In the report, entitled “That Was Unexpected!,” he cited the return of sports and the elections as driving ad revenue despite the coronavirus pandemic. His team estimates that TV station advertising rose 22.9 percent in the latest period, pay TV companies’ ad revenue increased 12.8 percent, and cable networks spending climbed 2.3 percent, while broadcast ad revenue fell 13.2 percent.
The decline in national TV ad spending came in better than Nathanson’s expectation for a 6.6 percent drop. And overall, TV ad revenue even edged up to $11.01 billion, the analyst calculated.
For the current fourth quarter, he said “we expect growth to continue, at a 2 percent clip.”
Discussing his surprise, Nathanson wrote: “At the start of the COVID-19 pandemic, we had theorized that the trend in U.S. advertising in 2020 would mirror the sharp collapse observed during the Great Financial Recession of 2008-09. As we are about to enter the last month of this forgettable year, it turns out that the current data points do not line up at all with historical precedents.”
While the analyst and members of his team “have gone to great lengths to explain why digital advertising has been much more resilient, he admitted that “we have ignored another surprising development: the return of television advertising growth.”
Wrote Nathanson: “By our math, after posting a record 28 percent decline in the second quarter of 2020, aggregate TV advertising increased by 3 percent in the third quarter.
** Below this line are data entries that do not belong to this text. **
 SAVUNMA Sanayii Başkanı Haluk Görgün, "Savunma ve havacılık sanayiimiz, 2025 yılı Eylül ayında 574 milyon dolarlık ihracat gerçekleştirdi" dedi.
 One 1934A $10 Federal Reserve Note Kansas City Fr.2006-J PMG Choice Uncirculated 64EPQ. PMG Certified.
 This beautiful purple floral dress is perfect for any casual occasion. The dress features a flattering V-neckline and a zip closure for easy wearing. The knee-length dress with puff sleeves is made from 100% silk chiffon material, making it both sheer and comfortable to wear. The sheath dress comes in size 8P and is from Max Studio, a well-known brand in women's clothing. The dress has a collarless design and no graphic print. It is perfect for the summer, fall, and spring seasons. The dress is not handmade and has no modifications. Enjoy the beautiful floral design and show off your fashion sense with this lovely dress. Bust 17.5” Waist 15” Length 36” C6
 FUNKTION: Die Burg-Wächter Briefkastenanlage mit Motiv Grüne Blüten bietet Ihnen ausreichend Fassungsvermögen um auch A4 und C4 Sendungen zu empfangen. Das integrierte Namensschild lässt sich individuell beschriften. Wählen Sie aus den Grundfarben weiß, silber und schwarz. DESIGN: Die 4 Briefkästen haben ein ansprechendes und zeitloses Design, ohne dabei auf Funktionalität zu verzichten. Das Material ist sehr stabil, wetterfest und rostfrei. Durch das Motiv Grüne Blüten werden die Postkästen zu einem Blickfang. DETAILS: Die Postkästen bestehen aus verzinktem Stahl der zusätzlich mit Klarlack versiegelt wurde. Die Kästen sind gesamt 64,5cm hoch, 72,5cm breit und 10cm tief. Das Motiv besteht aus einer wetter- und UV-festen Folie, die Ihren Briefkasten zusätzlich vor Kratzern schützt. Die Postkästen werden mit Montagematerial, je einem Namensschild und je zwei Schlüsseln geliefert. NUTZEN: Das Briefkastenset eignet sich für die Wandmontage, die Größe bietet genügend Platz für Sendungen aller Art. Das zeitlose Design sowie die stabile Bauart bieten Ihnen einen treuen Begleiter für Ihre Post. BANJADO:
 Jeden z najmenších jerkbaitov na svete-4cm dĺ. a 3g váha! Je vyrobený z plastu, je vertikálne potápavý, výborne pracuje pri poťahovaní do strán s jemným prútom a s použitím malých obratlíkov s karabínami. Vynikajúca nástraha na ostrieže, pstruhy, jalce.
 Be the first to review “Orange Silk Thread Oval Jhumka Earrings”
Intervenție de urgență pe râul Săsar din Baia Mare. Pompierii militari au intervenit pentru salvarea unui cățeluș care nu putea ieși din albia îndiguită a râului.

This outcome was about 1,900 basis points better than our first COVID-19 impacted forecast made in March.” One basis point is equivalent to 0.01 percent.
The analyst argued that three reasons explain the trend. “First, the third quarter has a once-in-a-lifetime wave of every major sport returning to the market,” he explained. “Second, the intense 2020 election cycle attracted huge local, regional, and national ad spending – which we estimate to be up roughly 75 percent over 2016 – in key presidential swing states and in the fight for the Senate. The 2020 news cycle including the elections also drove ratings gold at CNN, MSNBC and Fox News in the quarter.”
Lastly, after pulling out in the second quarter, brands returned to ad spending in the quarter and “helped drive non-sports and non-news scatter prices higher given the ratings shortfall elsewhere,” Nathanson said.
His forecast: “The TV ad market will post strong results in the coming three quarters as sports events, including the Olympics, return to their natural cadence.”
Nathanson reiterated his ratings on big entertainment stocks, including his “buy” on Fox Corp. and his “neutral” ratings on the Walt Disney Co., ViacomCBS, Discovery and AMC Networks.